• **Work to complete**
Please transcribe the data below in full, word for word, without the images.

• **Input data**

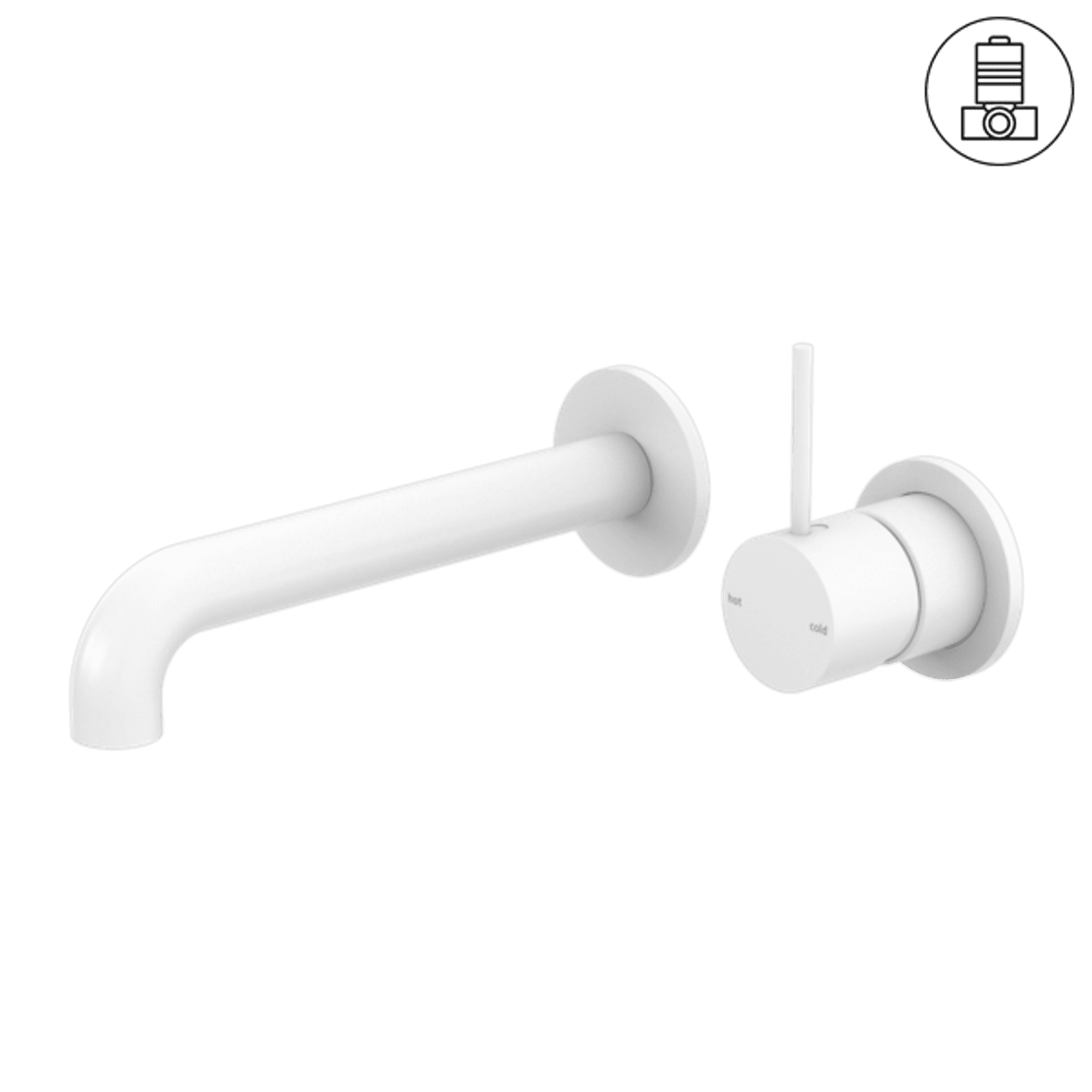 Mecca Wall Basin/Bath Mixer Separate Back Plate Handle Up 260mm Matte White
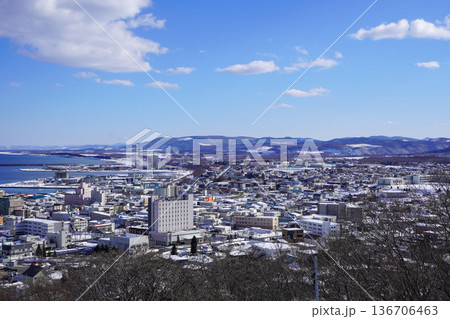 流氷展望台から紋別市街と紋別港を撮る。
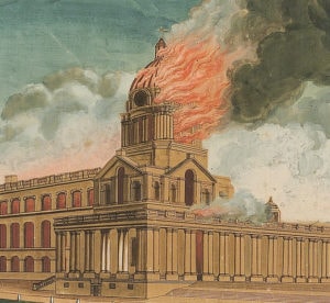 Disaster struck on 2 January 1779. The Annual Register for 1779 described what happened: ‘At six o’clock in the morning, a dreadful fire broke out at Greenwich Hospital, which burnt most furiously. At ten o’clock the chapel (the most beautiful in the kingdom) .. [was] entirely consumed’.

• **Answer space**
 Mecca Wall Basin/Bath Mixer Separate Back Plate Handle Up 260mm Matte White
 流氷展望台から紋別市街と紋別港を撮る。
 Disaster struck on 2 January 1779. The Annual Register for 1779 described what happened: ‘At six o’clock in the morning, a dreadful fire broke out at Greenwich Hospital, which burnt most furiously. At ten o’clock the chapel (the most beautiful in the kingdom) .. [was] entirely consumed’.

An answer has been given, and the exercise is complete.